Predicting language diversity with complex network

Notice: This research summary and analysis were automatically generated using AI technology. For absolute accuracy, please refer to the [Original Paper Viewer] below or the Original ArXiv Source.

Evolution and propagation of the world’s languages is a complex phenomenon, driven, to a large extent, by social interactions. Multilingual society can be seen as a system of interacting agents, where the interaction leads to a modification of the language spoken by the individuals. Two people can reach the state of full linguistic compatibility due to the positive interactions, like transfer of loanwords. But, on the other hand, if they speak entirely different languages, they will separate from each other. These simple observations make the network science the most suitable framework to describe and analyze dynamics of language change. Although many mechanisms have been explained, we lack a qualitative description of the scaling behavior for different sizes of a population. Here we address the issue of the language diversity in societies of different sizes, and we show that local interactions are crucial to capture characteristics of the empirical data. We propose a model of social interactions, extending the idea from, that explains the growth of the language diversity with the size of a population of country or society. We argue that high clustering and network disintegration are the most important characteristics of models properly describing empirical data. Furthermore, we cancel the contradiction between previous models and the Solomon Islands case. Our results demonstrate the importance of the topology of the network, and the rewiring mechanism in the process of language change.

💡 Research Summary

The paper investigates how the diversity of languages scales with the size of a human population by employing a co‑evolving complex‑network model of social interactions. Each individual (node) is characterized by a vector of F linguistic traits, each of which can take one of q discrete values, yielding q^F possible language states. Simulations start from a random graph with N nodes and a prescribed average degree ⟨k⟩, with traits assigned uniformly at random.

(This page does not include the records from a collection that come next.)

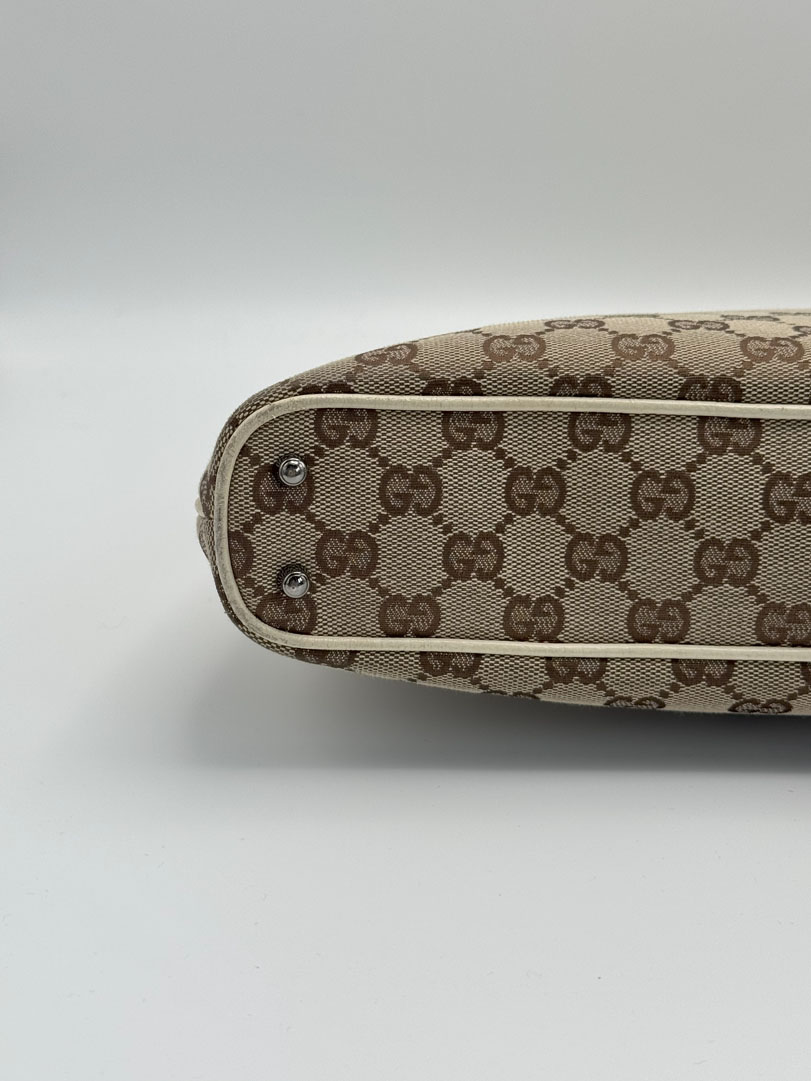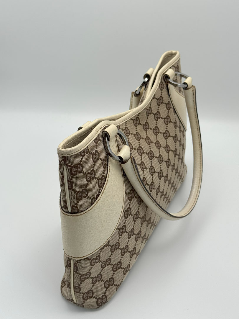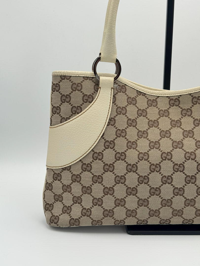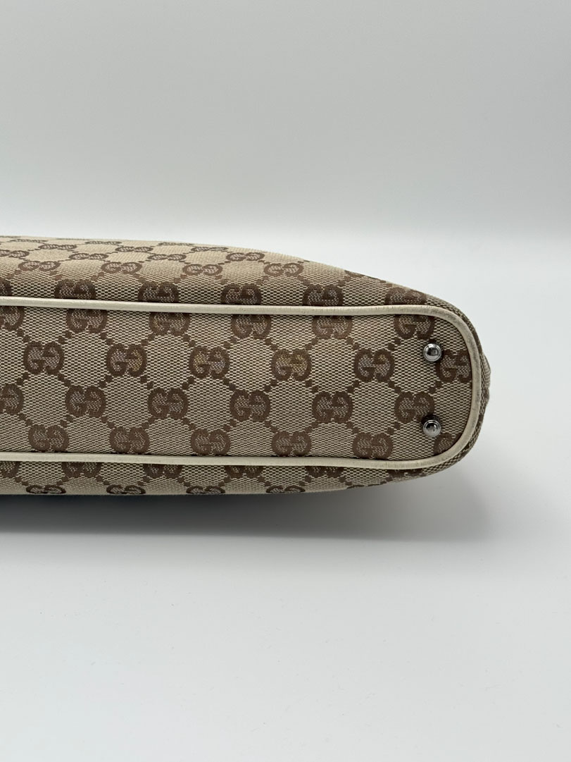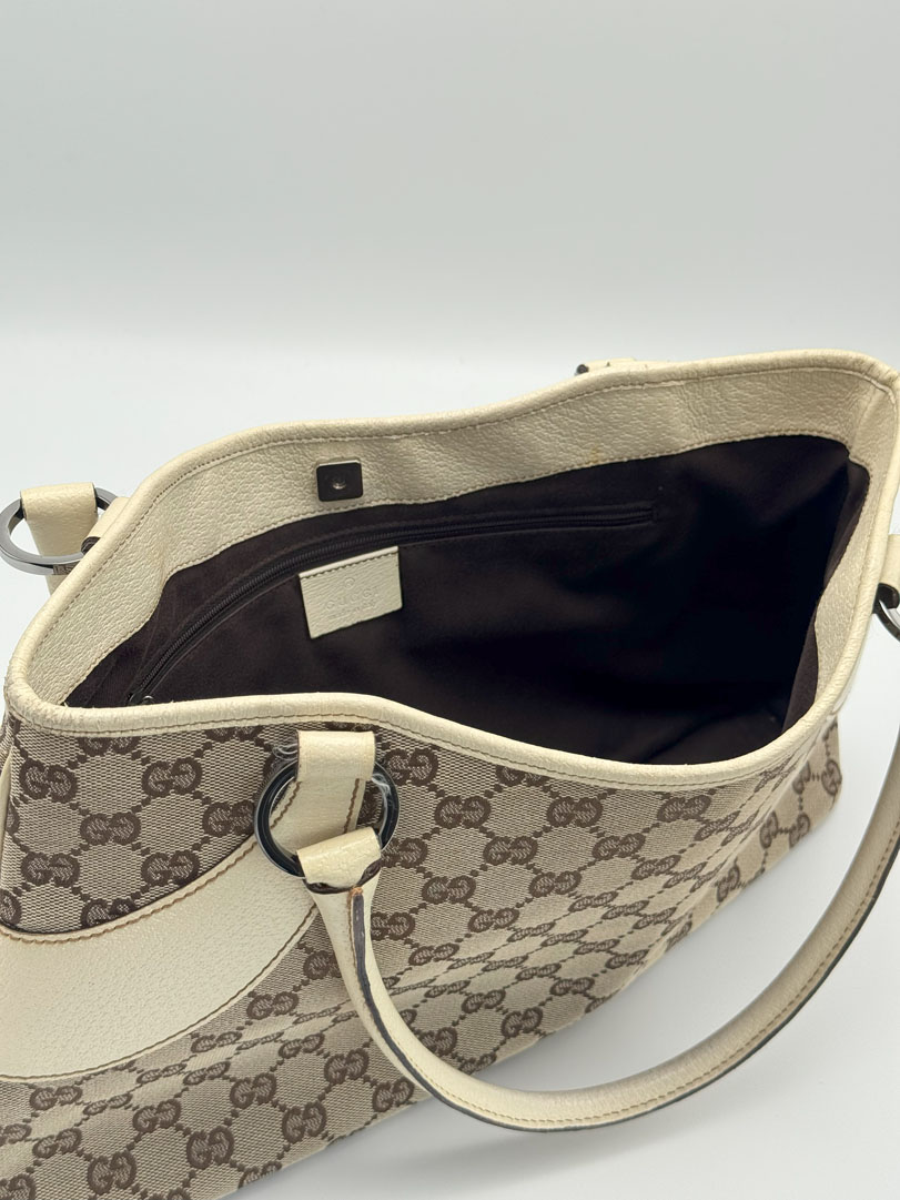 This vintage Gucci Shoulder Bag is crafted from brown GG canvas with light leather details and silver-tone hardware. It is in very good condition, showing light wear on the leather and corners. The canvas is clean and firm, with no stains. The interior is clean and features an extra zip pocket. The bag closes with a magnetic button. Comes with a dustbag. The serial number is 11301500103. Dimensions: 36 x 22 x 6 cm.
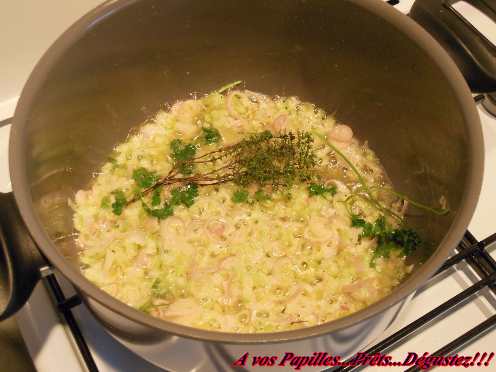 4- Laisser sur feu vif en remuant régulièrement pour que l’ensemble soit bien imprégné du fond au vin blanc.
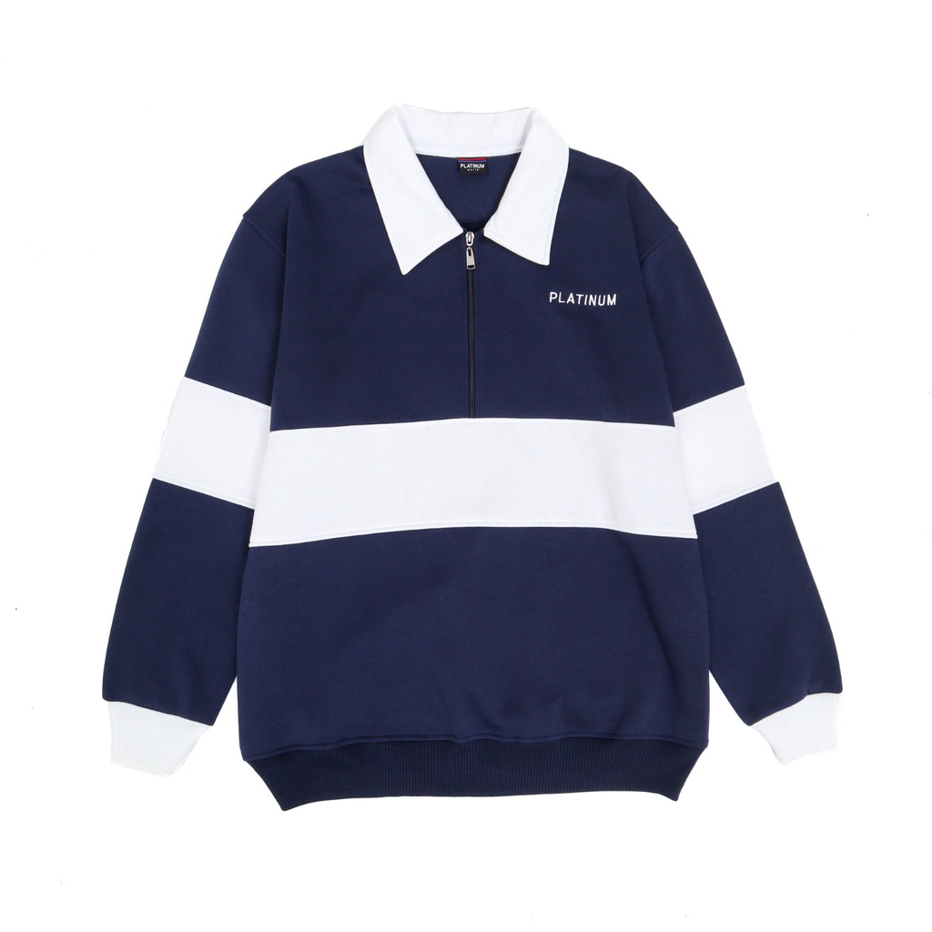 PLATINUM WORLD Sweatshirt Crewneck HALF ZIPP Rugby Kombinasi Pria - Wanita V7
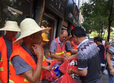 近日,气温一路攀升,炎炎烈日下,区城建局绿化处职工仍冒着高温酷暑,奋战在一线岗位,用辛勤的汗水装扮着城市的美丽。为将组织的关怀和慰问及时传递给绿化一线职工,8月16日下午,市园林局副局长王志坚、工会主席谢丽颖及园林协会会长梁胜平一行到我区中心广场及七一路等重点路段慰问一线职工,给他们送去了夏桑菊、人丹、十滴水、绿豆、白糖等防暑降温物品。
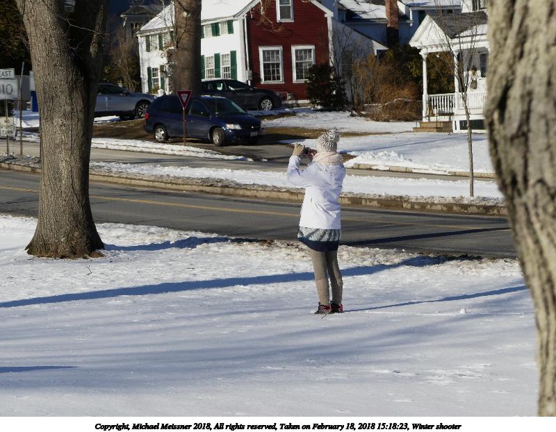 Picture #19: Winter shooter 800x622, 129,367 bytes (127K), (html file) Copyright, Michael Meissner 2018, All rights reserved Panasonic FZ300 camera f/4.0, ISO 100, 1/1000 sec, 26.5mm, auto mode, auto wb (5600), matrix metering, bias 0.7, image stabilization, normal color mode 35mm equivalent focal length 147.0mm Programs used: crop, raw therapee Taken by Michael Meissner on February 18, 2018 15:18:23 Last modified on February 18, 2018 at 19:37 |
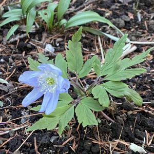 キクザキイチゲ キンポウゲ科 別名 キクザキイチリンソウ 淡い青色がとっても素敵です💛 花びらに見えるところが萼って、不思議です!
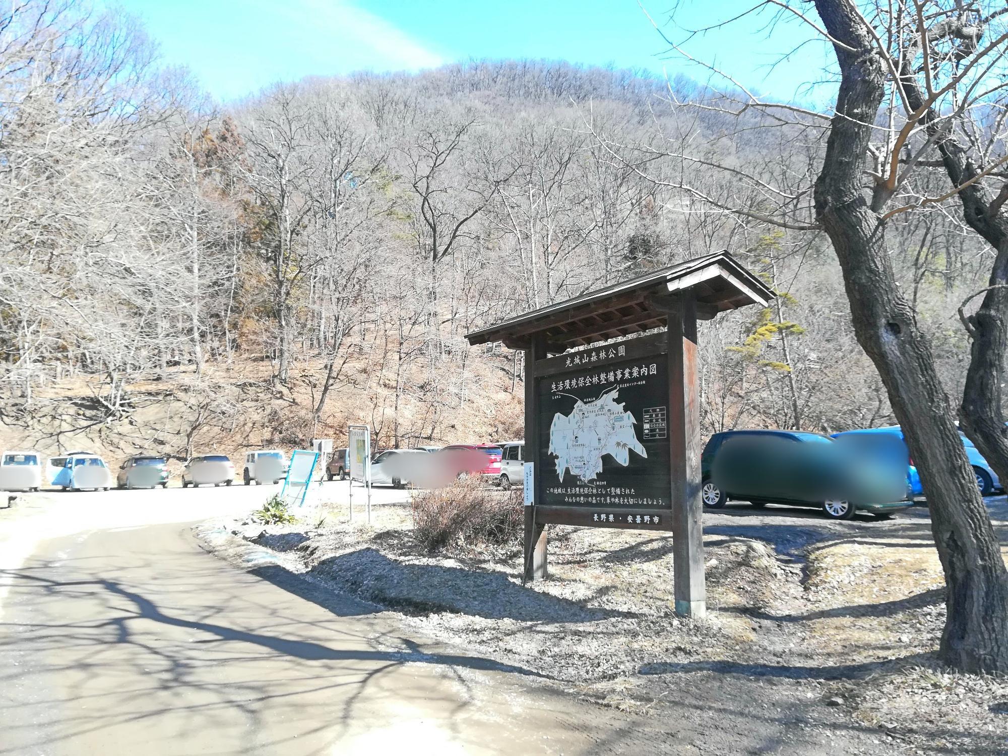 住宅街にある光城山登山口の看板を曲がり、登ってくると駐車場があります。暖かい3月初旬の午後。意外と多くの方が来ていますね。
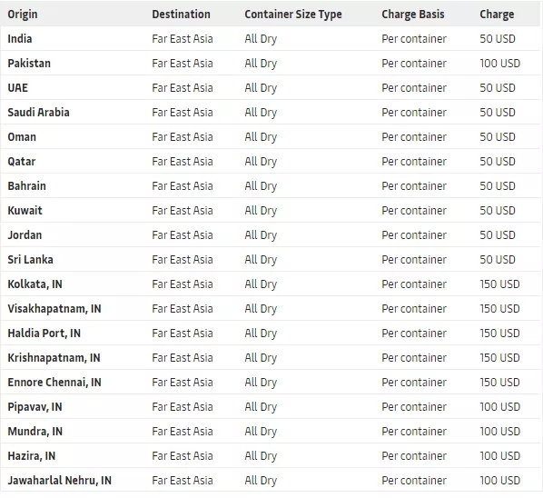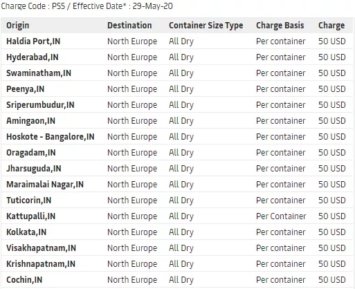從(cóng)2020年(nián)5月29日(rì)起,對從(cóng)印度南(nán)部和東部所有港口,到歐洲北部和南(nán)部國(guó)家的所有幹集裝箱貨物征收旺季附加費(PSS)
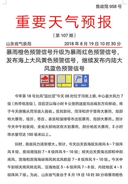 最新情況!據(jù)山東省氣象臺(tái)最新暴雨紅色預(yù)警,今年第18號(hào)臺(tái)風(fēng)“溫比亞”今天08時(shí)位于河南上蔡,中心最大風(fēng)力7級(jí)(熱帶低壓級(jí)),目前正以每小時(shí)9公里的速度向北偏東方向移動(dòng),將于今天傍晚從菏澤進(jìn)入山東省。受其影響,菏澤和濟(jì)寧普降大暴雨,局部特大暴雨,臨沂、棗莊、泰安和淄博等市出現(xiàn)暴雨,局部大暴雨。預(yù)計(jì)今天中午到夜間,全省大部地區(qū)有大到暴雨,部分地區(qū)大暴雨,3小時(shí)降水量可達(dá)100毫米以上。為此,山東省氣象臺(tái)于8月19日10時(shí)30分將暴雨橙色預(yù)警信號(hào)升級(jí)為暴雨紅色預(yù)警信號(hào)。提醒大家做好防雨防汛措施!

At each discrete time step an active node i selects a neighbor j. The number m of identical traits between i and j is counted. If m = F the agents are already identical and nothing happens. If m = 0 the languages share no common trait; the edge (i, j) is removed and i creates a new link to a node that is at distance two (a neighbor‑of‑a‑neighbor). This “local rewiring” can be performed either with uniform probability over the candidate set or with preferential attachment proportional to (k + 1)^2. If 0 < m < F, a positive interaction occurs with probability m/F: i randomly adopts one of the traits it does not share from j. The process repeats until a frozen configuration or a thermalized state is reached.

The authors identify three distinct phases as the parameter q varies. For small q the system quickly converges to a single language covering the whole, connected network (phase 1). For intermediate q the network fragments into many small components, each internally homogeneous but mutually different (phase 2). For large q a partial recombination appears: some links survive between agents speaking different languages (phase 3). The authors argue that phase 2 best captures real‑world language diversity because it combines high clustering, network disintegration, and a multiplicity of distinct language domains.

A central result is that the number of language domains (i.e., distinct languages) grows with the system size N when the rewiring is local. Simulations with both uniform and preferential rewiring show a clear positive scaling, in contrast to earlier static‑lattice models that predicted a decrease, and to earlier adaptive models that yielded size‑independent domain counts. This scaling aligns with empirical observations from the Solomon Islands, where the number of languages increases with island area.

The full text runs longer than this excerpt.